Die klassenpolitischen Ursachen für die zunehmende Vertiefung der Widersprüche konnte er auf Basis seiner grundsätzlichen Einschätzungen auch nicht entdecken. Er hielt die junkerlichen Gutswirtschaften für kapitalistische Agrarbetriebe und negierte die Rolle der vorbürgerlichen Kräfte und Herrschaftsformen. Nicht einmal die im Vergleich zu Deutschland weitaus rückständigeren Verhältnisse im Habsburgerreich (Kautsky lebte in Wien) und die spezielle Rolle des österreichisch-ungarischen Hochadels, der mindestens ebenso sehr wie die preußischen Junker auf einen (kurzen) Krieg zur Stabilisierung seiner Herrschaft drängte, ließen ihn den bürgerlichen Charakter der Doppelmonarchie in Frage stellen, denn aus dem Voranschreiten des Kapitals folgte für ihn die Herrschaft der Bourgeoisie. Weil aber der Krieg aus der Ökonomie heraus nicht nachvollziehbar war, löste er die Politik von der Wirtschaft und ließ ihn aus einer Verkettung letztlich zufälliger Entscheidungen hervorgehen.

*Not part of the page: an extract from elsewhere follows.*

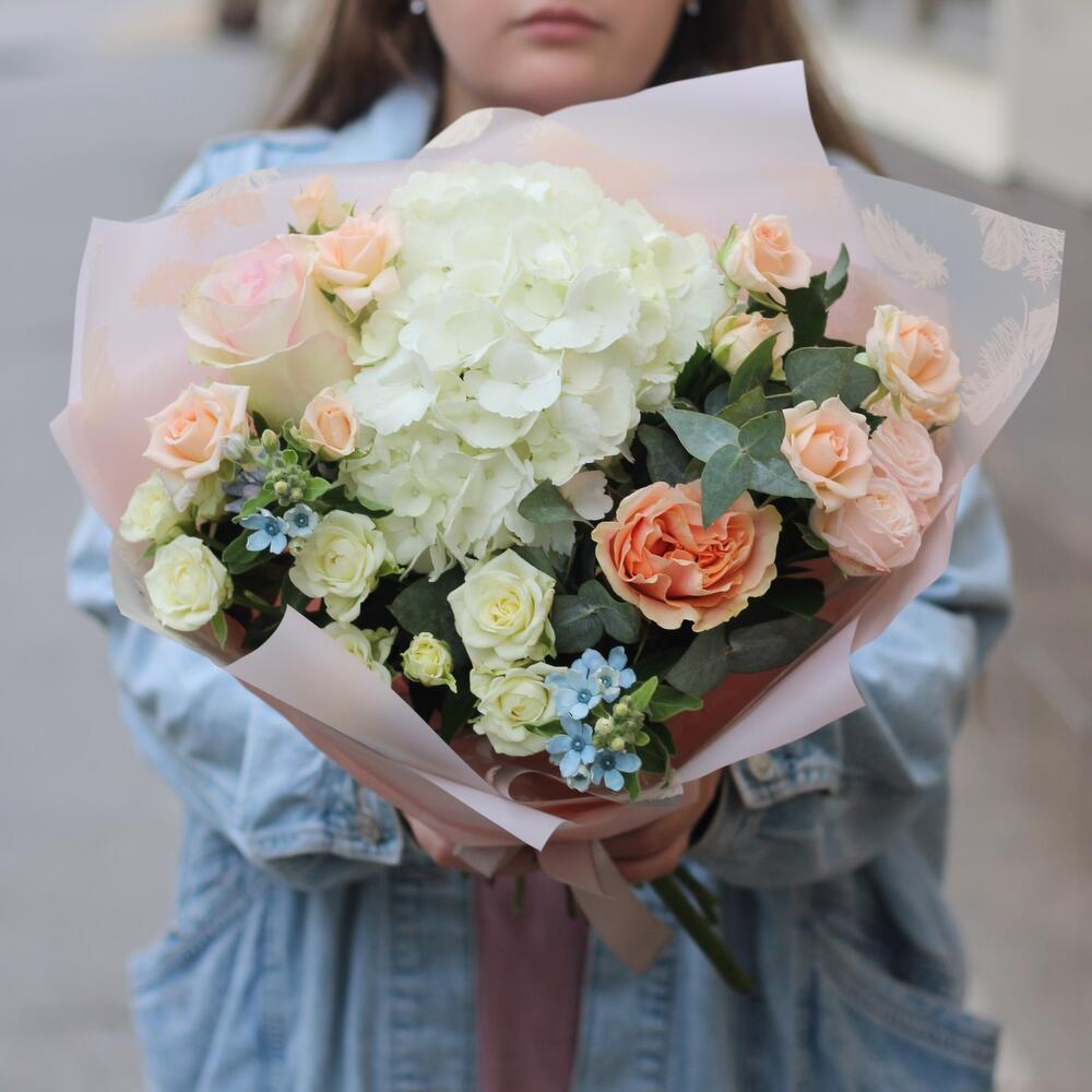 Нежный букет с гортензией и незабудками

Diese subjektive Erklärung wies Lenin zurück. Er konstatierte, dass Kautsky „die Politik des Imperialismus von seiner Ökonomik trennt“ und warf ihm die „Vertuschung“ bzw. „Abstumpfung der fundamentalsten Widersprüche des jüngsten Stadiums des Kapitalismus“ vor. (Der Imperialismus, S. 98, 99; LW 22, S. 274) Aber wie wollte er selber Imperialismus und Krieg erklären? In Grundfragen der gesellschaftlichen Entwicklung hatte er keine Differenzen zu Kautsky. Genau wie dieser überschätzte er bei weitem den Entwicklungsstand der Verhältnisse, genau wie Kautsky hatte er ökonomisch nur das Kapitalverhältnis und politisch nur die Bourgeoisie im Blick, beschränkte sich also auf einen Sektor der Klassengegensätze. In der ersten öffentlichen Stellungnahme vom September 1914 zum Krieg behauptete er bereits, dass „an der Spitze der einen Gruppe der kriegführenden Nationen … die deutsche Bourgeoisie“ stehe. (Der Krieg und die russische Sozialdemokratie, LW 21, S. 14). In derselben Stellungnahme heißt es zwar gleichzeitig, dass die deutsche Bourgeoisie „vor den preußischen Junkern mit Wilhelm an der Spitze katzbuckelt“, mehr wird dazu aber nicht gesagt.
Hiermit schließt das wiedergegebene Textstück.